The same pattern is evident in WWII collecting, whether considering relics or military vehicles. During the 1970s, 1980s and 1990s, people clambered to buy U.S. GI accouterments, weapons and vehicles. Simultaneously, the Internet began to take over our lives.

Prior to the Internet, dealers believed they could dominate segments of the militaria market by buying all the Jeeps, shovels or M1 helmets in a particular geographic area. They were right—but only in that era before the Internet. With the world at the fingertips of any potential customer, it is impossible for a person to control any segment of the WWII market. If a person wants to buy a Jeep, web belt or helmet, there are no games to play… just log on, search and click, “buy it now.”

During the last few years, the supply of military relics has exploded. The Internet has provided a path to far more relics than one could ever find by just waiting for price lists to arrive in the mail or attending shows. In addition, dealers are discovering large caches of relics and vehicle parts in former Eastern Bloc nations, the Far East, South America and even in warehouses in the United States and Europe. People have figured out that military relics have value, so more and more people have been looking, whether at garage sales, farm closeouts or in nations of deposed dictators.

The result is more and more relics have entered the market at a time when not necessarily more buyers are entering the hobby. For now, supply is out-distancing demand. A real world example of this is the $45 I paid for a M1910 T-handle shovel back in 1997. At the time, I thought that was a high price. Recently discovered piles of unissued WWII shovels in Hungary, however, means that my $45 shovel probably isn’t worth that much today, 15 years later… regardless of “How much I have in it.” The supply of shovels drives how saleable my shovel is today, not how much I paid for it.

The fact is, hardly a month goes by when I don’t hear a story about some “cache” of relics or military vehicle parts that were recently discovered.
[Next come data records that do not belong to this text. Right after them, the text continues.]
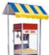
STAND POP-CORN 3
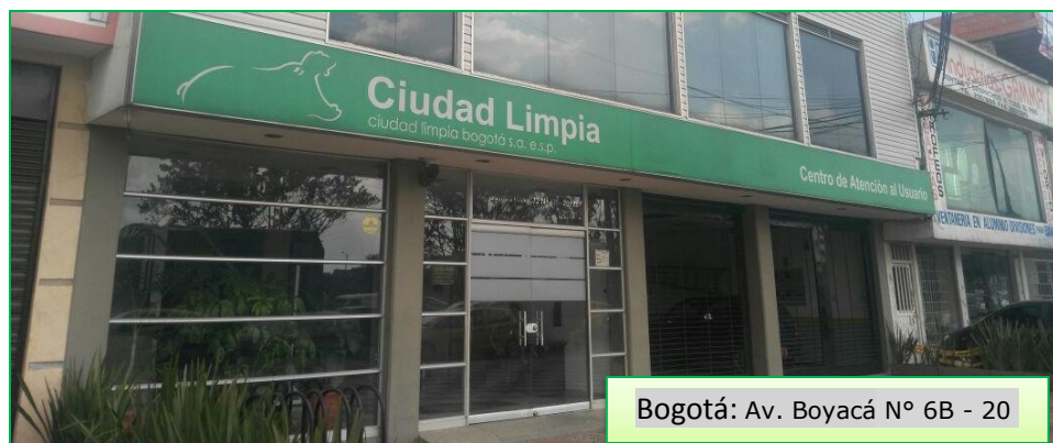
Bogotá: Av. Boyacá N° 6B - 20

por la Comisión de Regulación de Agua Potable y Saneamiento CRA, es posible que, como usuario del servicio de aseo, pueda acceder a este beneficio, evidenciando que el predio se encuentra desocupado.
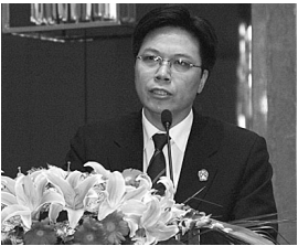
临海市人民法院院长 李本浪
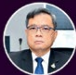
ศ.บพ. นครชัย เพื่อนปฐม

09.00-10.00 น. Plenary session การพัฒนาทางการแพทย์ในอนาคตตามเป้าหมาย การพัฒนาอย่างยั่งยืน (Sustainable Development Goals) วิทยากร: ศ.บพ.นครชัย เพื่อนปฐม Moderator: พศ.ดร.นพ.ธารานันท์ ต้นธนาธิป 14.50-16.00 น. (Online) "Life under the sea" วิทยากร: พศ.ดร.ธรรณ์ ชำรงนาวาสวัสดิ์ ภาควิชาวิทยาศาสตร์ทางทะเล คณะประมง มหาวิทยาลัยเกษตรศาสตร์

Many of us remember the great discovery of US WWII tanker helmets back in the 1990s. That drove the prices down only to see them slowly recover now 20 years later and only after that initial pile of hundreds of helmets were sold.

The same happened with WWII Diamond T wreckers. In the 1970s and 1980s, they were nearly as rare as hen’s teeth. That is, until France and Spain sold all of their WWII wreckers to a collector who imported them to the United States. Today, with the supply greatly increased, the retail value of restored Diamond Ts has sunk to levels far below 1990s prices.

 

Supply isn’t the sole factor

The stagnancy of the military relic and vehicle markets, however, is not true across the board. Remember, this story all began with that parking lot of mediocre muscle cars. While common examples have lost their value, truly great examples are commanding record prices at auctions. The same is true for military relics and vehicles.
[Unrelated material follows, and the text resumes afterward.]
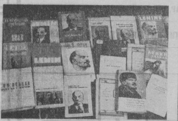
В. И. Ленин асарларининг қўллаб томлари жаҳон халқларининг тилларида топ элган. Бу китоблар В. И. Ленин қомидига Тошкент Давлат университети илмий кутубхонасида сақланади.

«Ташсельмаш» ишлаб чиқарётган пахта тералган машиналарни Ер шарининг тўрт қитъасида учратиш мумкин. Бу ажойиб машиналар жаҳон бозорига ўз мавқенини мустаҳкамлаб, кундан-кунга доғруғи кенг таралмоқда.
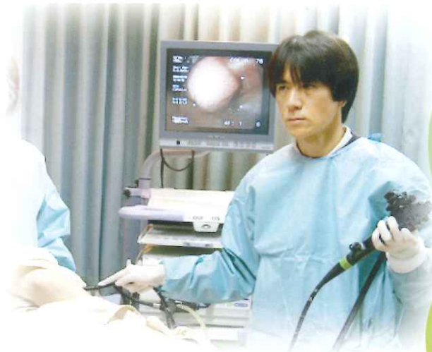
消化器内科部長 / 内視鏡センター長

High quality, desirable items continue to command record prices. Medal groups, weapons, uniforms and personal items belonging to notable figures such as general officers, paratroopers or Special Forces continue to increase in value while the prices of common uniforms, accouterments and gear remain the same or even drop.
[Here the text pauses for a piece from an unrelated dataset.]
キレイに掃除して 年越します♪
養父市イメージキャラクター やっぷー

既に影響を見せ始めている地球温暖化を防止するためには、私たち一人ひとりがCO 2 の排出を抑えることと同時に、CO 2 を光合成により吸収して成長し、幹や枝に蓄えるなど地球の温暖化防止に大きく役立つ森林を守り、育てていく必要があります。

Similarly, prototype Jeeps, artillery pieces, tracked or wheeled armor and amphibious vehicles continue to increase in actual “sold for” prices. At the same time, though, M35s, CCKWs, WC-52s  and M37s (all of which were produced—and preserved—in the thousands) have remained stagnant or even dropped from the late 1990s price levels. Buyers continue to pay increasing prices for high quality, desirable, stand-out items.

Whether you are just entering our hobby, been at for many years or even considering how much longer you will be a gatherer, consider assembling a collection that focuses on quality rather than quantity. You may find the rewards—both intellectual and financial—will be better served.

 

Collect the Quality, Preserve the History.